PCA from plink2 for SGDP using a pangenome and DeepVariant

0

Entering edit mode

14 months ago

Matteo Ungaro ▴ 110

Hi there,

I'm doing my first experiments with PCA and UMAP as dimensionality reductions to visualize a dataset I've been working on. Basically, I used the samples from the SGDP which I then mapped on the human pangenome for, finally, calling small variants with DeepVariant.

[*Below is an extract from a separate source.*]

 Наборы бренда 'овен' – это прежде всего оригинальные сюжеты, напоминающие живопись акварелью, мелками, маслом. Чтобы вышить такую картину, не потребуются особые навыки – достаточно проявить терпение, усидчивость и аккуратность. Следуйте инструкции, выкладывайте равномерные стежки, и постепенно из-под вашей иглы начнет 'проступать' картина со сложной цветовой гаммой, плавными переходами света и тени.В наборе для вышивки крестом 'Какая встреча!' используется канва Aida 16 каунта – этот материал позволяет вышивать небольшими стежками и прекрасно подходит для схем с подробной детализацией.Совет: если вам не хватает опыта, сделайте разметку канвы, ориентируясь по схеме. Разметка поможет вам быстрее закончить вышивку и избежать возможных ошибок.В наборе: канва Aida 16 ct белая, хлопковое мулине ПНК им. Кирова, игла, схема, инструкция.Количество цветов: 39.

I moved on with some PopGen analyses and as a preliminary inspection of groups in this panel I'm doing a PCA with Plink2. Now, starting from the joint callset for this ~300 samples I removed genomic regions which could be troublesome e.g. repeats, cent&sat, low mappability and SDs. Following this I attempted my first PCA but, for some reason, samples are smeared all over the plot... (see figure below)

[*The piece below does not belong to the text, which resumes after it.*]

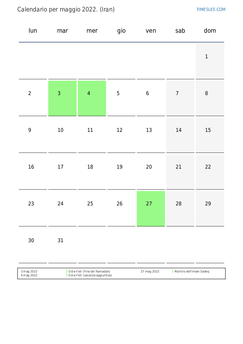 Scarica e stampa il calendario in PDF con i giorni festivi e i fine settimana di maggio 2022 per l'Iran

Looking up, I found this old but very useful post on how things should have been done. That is, I should have removed INDELs and focused on bi-allelic SNPs. So, my next step has been to run the following on my VCF file

bcftools norm -m+ $VCF | bcftools view -m2 -M2 -v snps -Oz -o $new_file_name

However, the result didn't change significantly. The smearing issue persists and there are no defined clusters/groups in the plot...

For reference this are the Plink2 commands I'm using to generate the eigenvec and eigenval files to use for plotting

./plink2 --vcf $VCF --set-missing-var-ids @:#:\$r:\$a --rm-dup --indep-pairwise 200kb 0.5 --not-chr X,Y,MT --vcf-half-call m --out SGDP_snps_bi_norm

./plink2 --vcf $VCF --set-missing-var-ids @:#:\$r:\$a --not-chr X,Y,MT --vcf-half-call m --maf 0.05 --extract SGDP_snps_bi_norm.prune.in --make-pgen --pca --out SGDP_snps_bi_norm

which I double-checked with the author of the tool. I'm kind of lost on what's going wrong, if anyone has more experience with this type of analysis any help is much appreciated. Thanks in advance! pca

umap DeepVariant pangenome plink2 pca • 1.1k views

ADD COMMENT • link updated 14 months ago by DBScan ▴ 470 • written 14 months ago by Matteo Ungaro ▴ 110

0

Entering edit mode

What actually is your goal of the PCA? What do you want to visualize, is it just the ancestry of your samples?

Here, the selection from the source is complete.